Exercise requirements =
Only the lines below starting at the one containing "在捐赠仪式现场,乐玩在线客服" and ending at the one containing "華人科學家蔡偉文(右二)與廣" belong in the answer, each copied exactly.

Information =
────────
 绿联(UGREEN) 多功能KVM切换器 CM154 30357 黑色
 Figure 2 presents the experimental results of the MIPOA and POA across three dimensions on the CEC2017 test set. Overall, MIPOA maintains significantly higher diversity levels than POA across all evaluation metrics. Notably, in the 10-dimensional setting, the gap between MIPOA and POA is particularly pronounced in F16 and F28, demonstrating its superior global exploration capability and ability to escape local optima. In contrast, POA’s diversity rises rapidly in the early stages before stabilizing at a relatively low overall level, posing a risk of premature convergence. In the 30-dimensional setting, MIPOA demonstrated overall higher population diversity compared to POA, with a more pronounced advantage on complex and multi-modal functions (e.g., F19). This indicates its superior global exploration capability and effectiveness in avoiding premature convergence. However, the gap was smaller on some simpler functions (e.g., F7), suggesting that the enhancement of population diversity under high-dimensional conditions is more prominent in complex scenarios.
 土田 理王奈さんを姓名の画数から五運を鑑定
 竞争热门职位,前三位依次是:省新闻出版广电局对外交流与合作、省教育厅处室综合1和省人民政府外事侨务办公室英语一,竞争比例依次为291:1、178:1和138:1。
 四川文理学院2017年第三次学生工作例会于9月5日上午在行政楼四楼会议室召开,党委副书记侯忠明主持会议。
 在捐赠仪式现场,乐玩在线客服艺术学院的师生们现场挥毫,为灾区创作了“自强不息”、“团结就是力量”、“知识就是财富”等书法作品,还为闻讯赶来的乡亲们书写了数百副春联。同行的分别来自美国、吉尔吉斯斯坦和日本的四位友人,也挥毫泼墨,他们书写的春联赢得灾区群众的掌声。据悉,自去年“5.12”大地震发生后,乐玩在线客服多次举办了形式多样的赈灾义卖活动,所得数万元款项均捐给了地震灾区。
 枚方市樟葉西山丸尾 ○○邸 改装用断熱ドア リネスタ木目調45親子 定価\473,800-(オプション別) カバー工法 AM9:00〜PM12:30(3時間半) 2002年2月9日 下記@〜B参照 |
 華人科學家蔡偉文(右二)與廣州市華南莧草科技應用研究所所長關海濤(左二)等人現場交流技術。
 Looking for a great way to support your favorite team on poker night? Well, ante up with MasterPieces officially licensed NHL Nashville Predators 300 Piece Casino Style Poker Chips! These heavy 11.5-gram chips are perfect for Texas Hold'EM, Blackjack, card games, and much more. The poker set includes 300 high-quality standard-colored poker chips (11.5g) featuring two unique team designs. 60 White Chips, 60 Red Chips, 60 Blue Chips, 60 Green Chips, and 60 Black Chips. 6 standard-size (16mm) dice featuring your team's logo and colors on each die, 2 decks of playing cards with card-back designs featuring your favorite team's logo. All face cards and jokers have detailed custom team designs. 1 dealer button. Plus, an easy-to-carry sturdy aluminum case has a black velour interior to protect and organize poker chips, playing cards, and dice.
────────
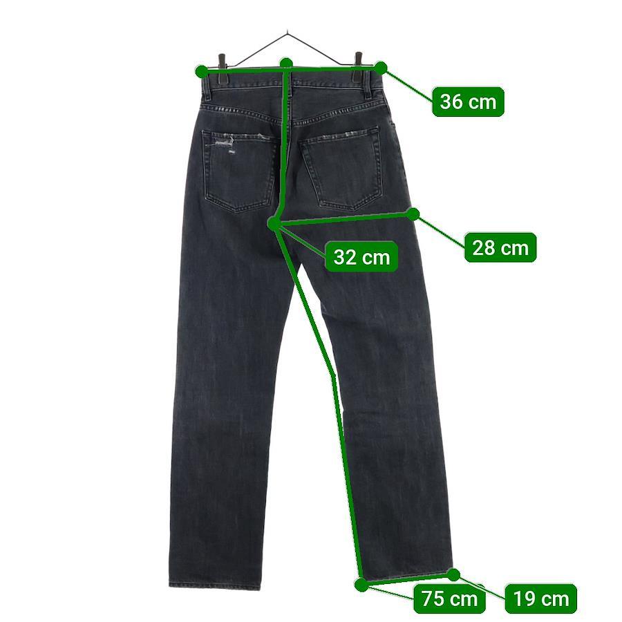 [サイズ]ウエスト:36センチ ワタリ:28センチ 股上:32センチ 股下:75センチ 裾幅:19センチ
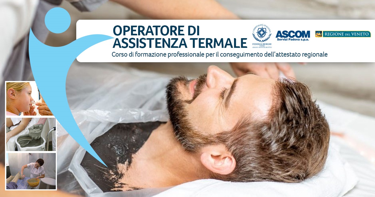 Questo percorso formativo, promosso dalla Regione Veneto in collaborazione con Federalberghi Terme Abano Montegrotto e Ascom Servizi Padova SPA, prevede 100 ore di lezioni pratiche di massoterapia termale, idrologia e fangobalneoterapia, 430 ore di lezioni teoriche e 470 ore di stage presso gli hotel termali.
────────
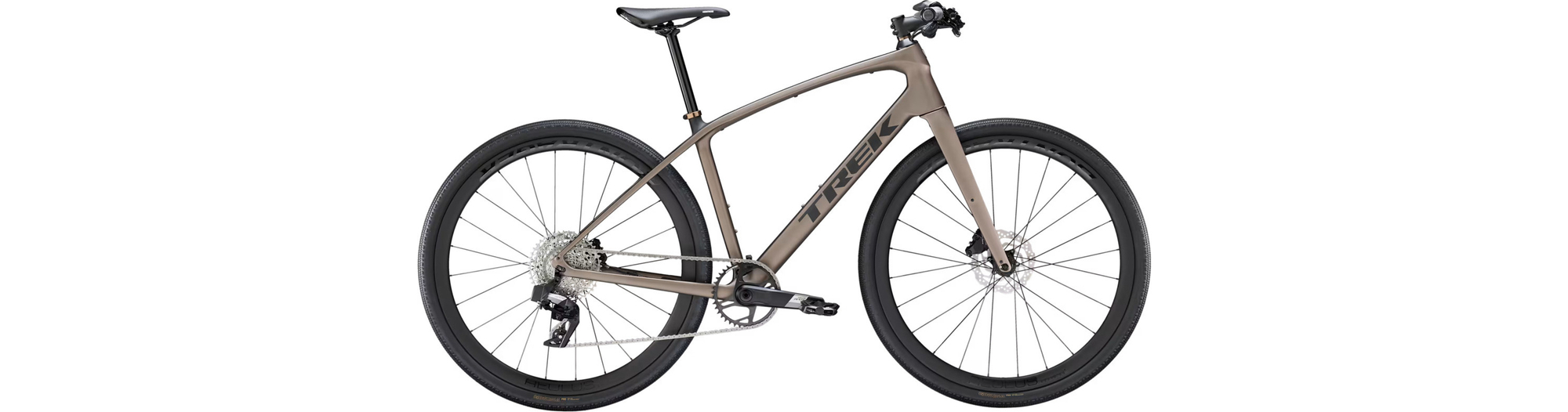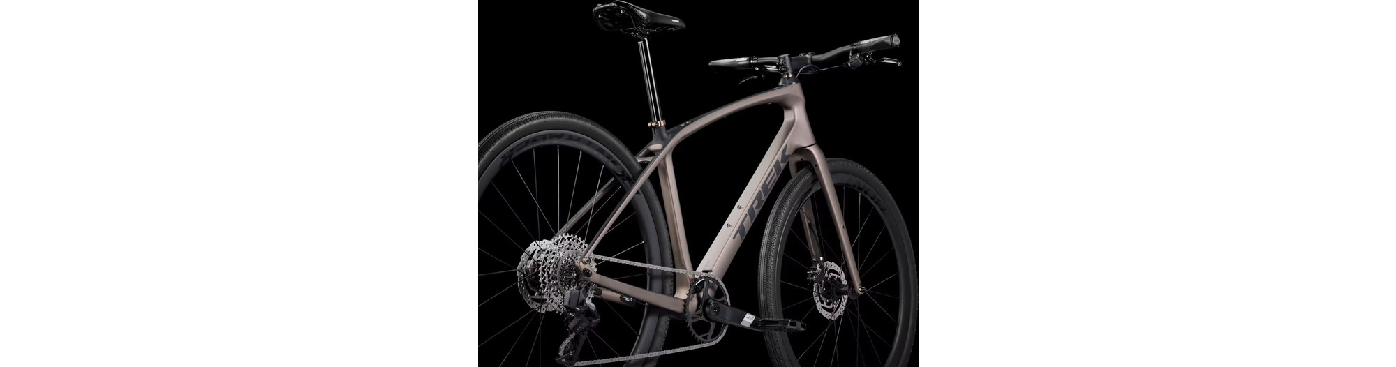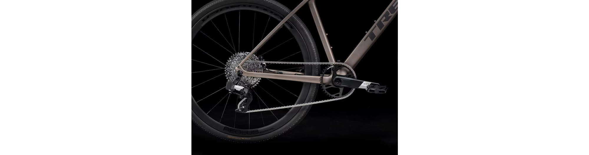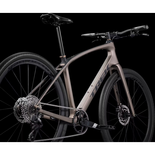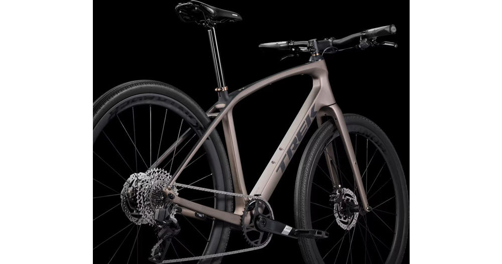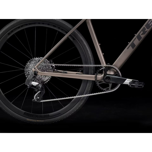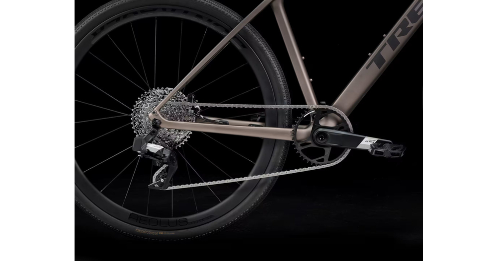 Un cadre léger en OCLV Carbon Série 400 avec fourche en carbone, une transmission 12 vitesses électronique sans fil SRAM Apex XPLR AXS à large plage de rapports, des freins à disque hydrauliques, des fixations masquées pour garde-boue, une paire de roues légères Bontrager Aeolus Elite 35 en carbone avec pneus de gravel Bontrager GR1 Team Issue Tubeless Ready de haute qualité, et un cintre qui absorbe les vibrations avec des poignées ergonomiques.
────────
Exercise result =
 在捐赠仪式现场,乐玩在线客服艺术学院的师生们现场挥毫,为灾区创作了“自强不息”、“团结就是力量”、“知识就是财富”等书法作品,还为闻讯赶来的乡亲们书写了数百副春联。同行的分别来自美国、吉尔吉斯斯坦和日本的四位友人,也挥毫泼墨,他们书写的春联赢得灾区群众的掌声。据悉,自去年“5.12”大地震发生后,乐玩在线客服多次举办了形式多样的赈灾义卖活动,所得数万元款项均捐给了地震灾区。
 枚方市樟葉西山丸尾 ○○邸 改装用断熱ドア リネスタ木目調45親子 定価\473,800-(オプション別) カバー工法 AM9:00〜PM12:30(3時間半) 2002年2月9日 下記@〜B参照 |
 華人科學家蔡偉文(右二)與廣州市華南莧草科技應用研究所所長關海濤(左二)等人現場交流技術。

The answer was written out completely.